NEVER ignore a bug, they don't just go away and it may come back to haunt you.
The ultimate aim of good programming is to reduce the bug count to an absolute minimum. Unfortunately the definition of a bug is not particularly simple. A bug may cause a program to crash, generate a few unwanted results, or compute completely the wrong thing. The worst form of bug is the conceptual bug, where the programmer misunderstood what was needed. The functional requirement may even develop over time during the research process. Effective algorithmic testing is the only way to ensure that conceptual bugs are found and eliminated. Good performance evaluations rarely lie.
For complicated software try to test with data for which you know the exact solution.

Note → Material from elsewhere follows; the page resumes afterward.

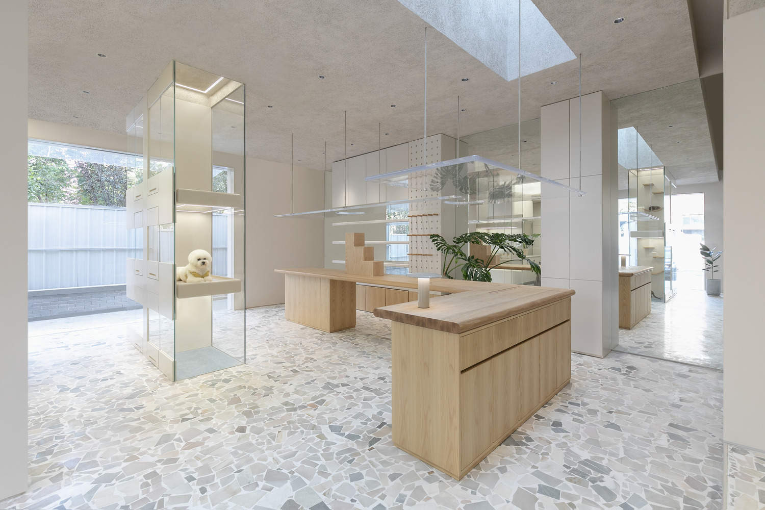 Despite occupying a small area, the team carefully planned separate paths for dogs and cats to reduce conflicts between the two different species.. The store provides separate areas for cats and dogs, including separate entrances, reception areas, and care desks. The two ends of the cantilever table are reception desks for different types of pets, and the integrated L-shaped design not only avoids pet friction but also ensures convenient passage for staff behind the table.

Write groups of 10-20 lines at a time. All new software should be interactively stepped through in a debugger, as it is written, to check that each line behaves as expected. Variables should be examined to check that they are within sensible bounds and loop variables should be tested to ensure they do not pass outside the valid data domain. Attempting to avoid this process will result in software which is ultimately more difficult to debug.
When finished any associated test data sets should be preserved so that further modifications can be tested. Such test data sets are generally best kept as software research demonstrations. This ensures that the software will get tested at regular intervals during the normal course of activities.

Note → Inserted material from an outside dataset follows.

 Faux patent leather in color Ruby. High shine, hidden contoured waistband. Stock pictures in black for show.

Software should NEVER be modified without assessing the effect on an associated test data set. This is the only way to reduce the average bug count, you can't rely on version control to do this for you. Modifying software without testing is probably the best definition there is of `hacking'.
Avoid completely rewriting software. This immediately increases the total bug count in established code. It is far better to identify a continuous development path and modify one feature of the program at a time and test each step. This is particularly important for mature software which may have been debugged over a period of years by a group of programmers and for which you may not understand all of the complexities (OLD CODE IS BETTER THAN NEW CODE).